=== Assigned task ===
Among the lines of the listing below, retype exactly those from the one containing "首先我们涂抹普通润泽型唇膏,再用手沾取口" through the one containing "運営委員会の募集した「大和田", both included. Do not include pictures.
Input material Block Start
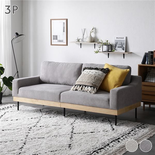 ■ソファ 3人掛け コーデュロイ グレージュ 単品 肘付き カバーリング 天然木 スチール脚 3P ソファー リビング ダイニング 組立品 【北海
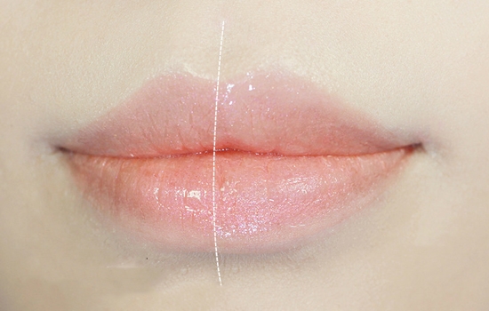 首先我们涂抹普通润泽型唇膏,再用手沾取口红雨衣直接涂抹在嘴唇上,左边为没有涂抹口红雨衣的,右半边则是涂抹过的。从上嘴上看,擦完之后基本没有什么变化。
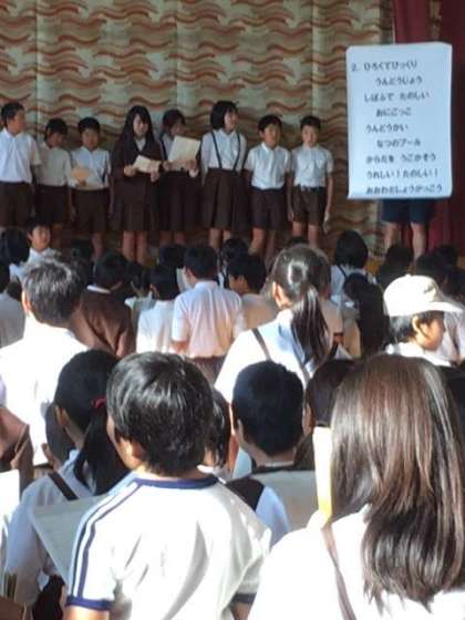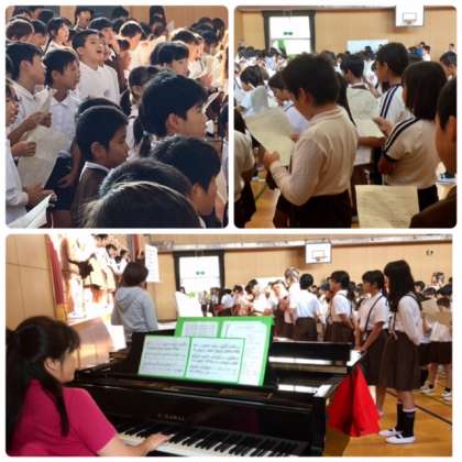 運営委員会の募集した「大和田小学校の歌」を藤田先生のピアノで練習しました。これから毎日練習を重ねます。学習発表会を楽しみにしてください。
Input material Block End
Input material Block Start
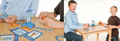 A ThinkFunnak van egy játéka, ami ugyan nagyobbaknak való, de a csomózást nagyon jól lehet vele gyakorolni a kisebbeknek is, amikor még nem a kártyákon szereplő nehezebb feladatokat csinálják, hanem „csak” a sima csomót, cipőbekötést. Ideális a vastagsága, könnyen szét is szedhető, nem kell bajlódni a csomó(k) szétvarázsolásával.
Input material Block End
=== Response to this task ===
 首先我们涂抹普通润泽型唇膏,再用手沾取口红雨衣直接涂抹在嘴唇上,左边为没有涂抹口红雨衣的,右半边则是涂抹过的。从上嘴上看,擦完之后基本没有什么变化。
 運営委員会の募集した「大和田小学校の歌」を藤田先生のピアノで練習しました。これから毎日練習を重ねます。学習発表会を楽しみにしてください。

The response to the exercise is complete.